#### REQUIRED ACTION:
Give again exactly the lines that run from the start of the records to the line holding "We had a fantastic", both ends counted. Do not include the pictures.

#### INFORMATION PROVIDED:

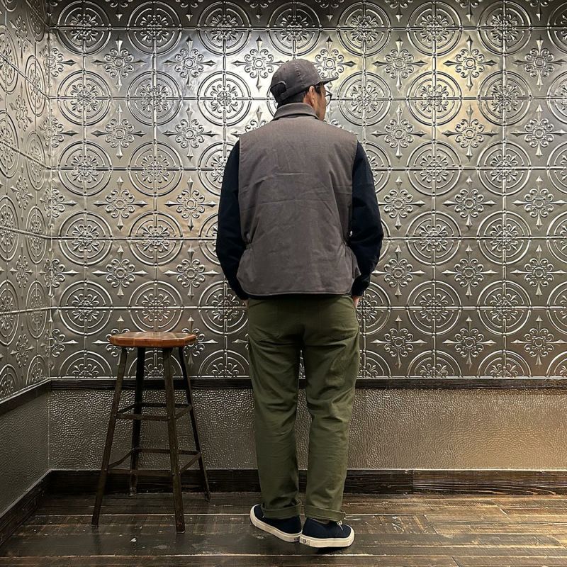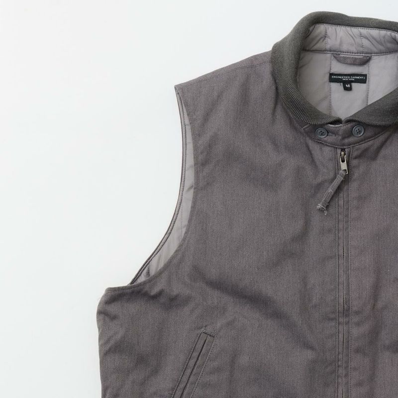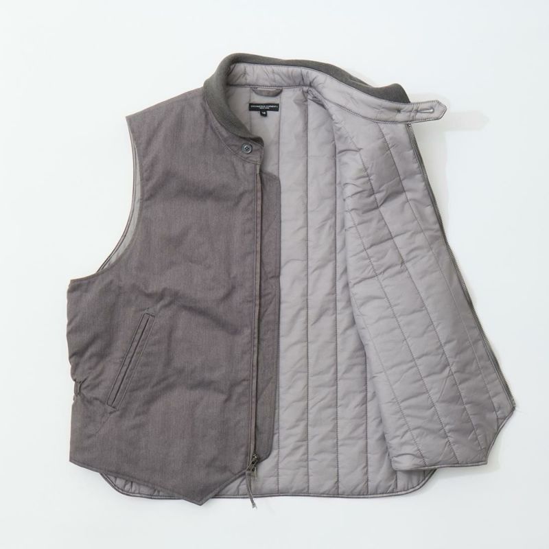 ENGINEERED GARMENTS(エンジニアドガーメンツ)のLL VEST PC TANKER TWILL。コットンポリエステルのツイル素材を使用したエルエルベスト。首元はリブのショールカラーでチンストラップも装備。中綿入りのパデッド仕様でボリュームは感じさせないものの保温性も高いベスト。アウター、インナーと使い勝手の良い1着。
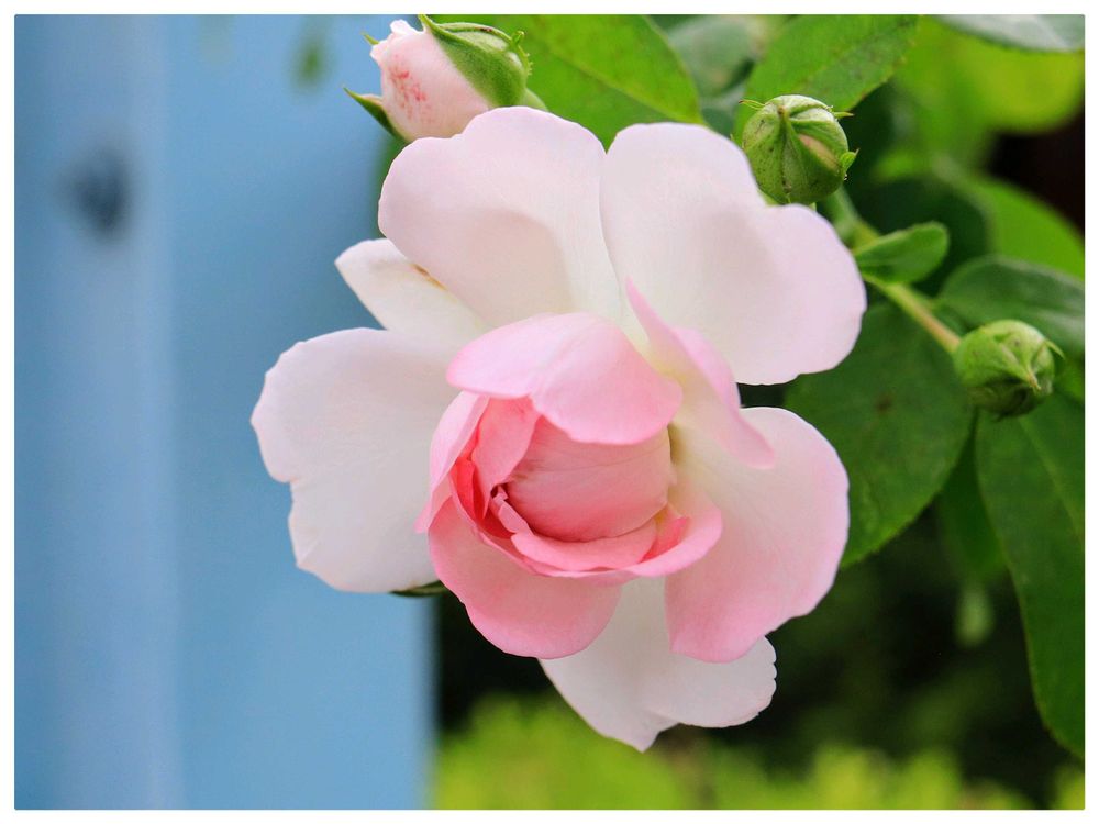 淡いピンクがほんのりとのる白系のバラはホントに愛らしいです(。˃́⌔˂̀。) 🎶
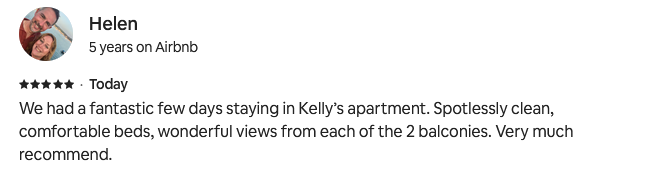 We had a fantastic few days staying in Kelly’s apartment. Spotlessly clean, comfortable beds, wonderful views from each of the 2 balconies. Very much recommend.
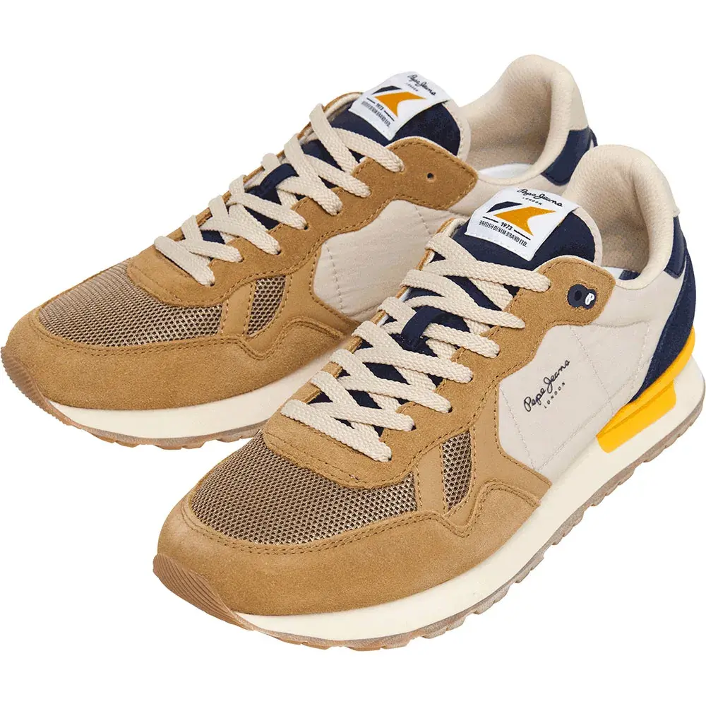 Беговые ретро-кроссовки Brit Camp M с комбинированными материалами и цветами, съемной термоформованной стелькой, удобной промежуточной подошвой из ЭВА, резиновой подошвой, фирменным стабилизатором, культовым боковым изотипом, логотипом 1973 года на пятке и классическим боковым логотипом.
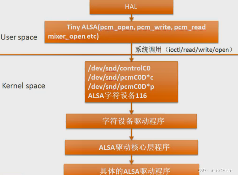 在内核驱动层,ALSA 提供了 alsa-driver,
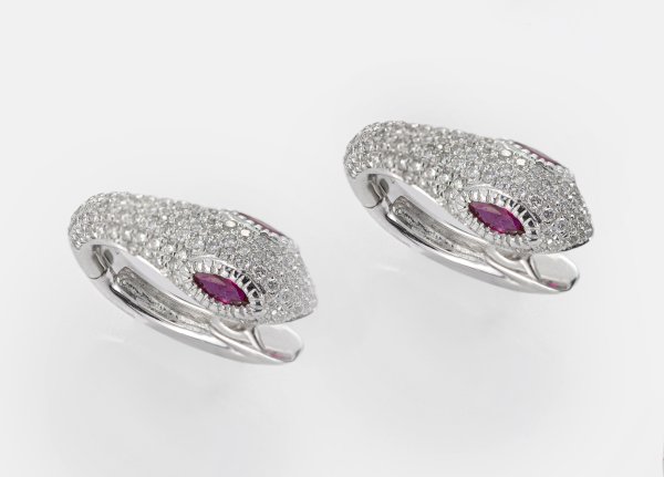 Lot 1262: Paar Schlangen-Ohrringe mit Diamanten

#### TASK ANSWER:
 ENGINEERED GARMENTS(エンジニアドガーメンツ)のLL VEST PC TANKER TWILL。コットンポリエステルのツイル素材を使用したエルエルベスト。首元はリブのショールカラーでチンストラップも装備。中綿入りのパデッド仕様でボリュームは感じさせないものの保温性も高いベスト。アウター、インナーと使い勝手の良い1着。
 淡いピンクがほんのりとのる白系のバラはホントに愛らしいです(。˃́⌔˂̀。) 🎶
 We had a fantastic few days staying in Kelly’s apartment. Spotlessly clean, comfortable beds, wonderful views from each of the 2 balconies. Very much recommend.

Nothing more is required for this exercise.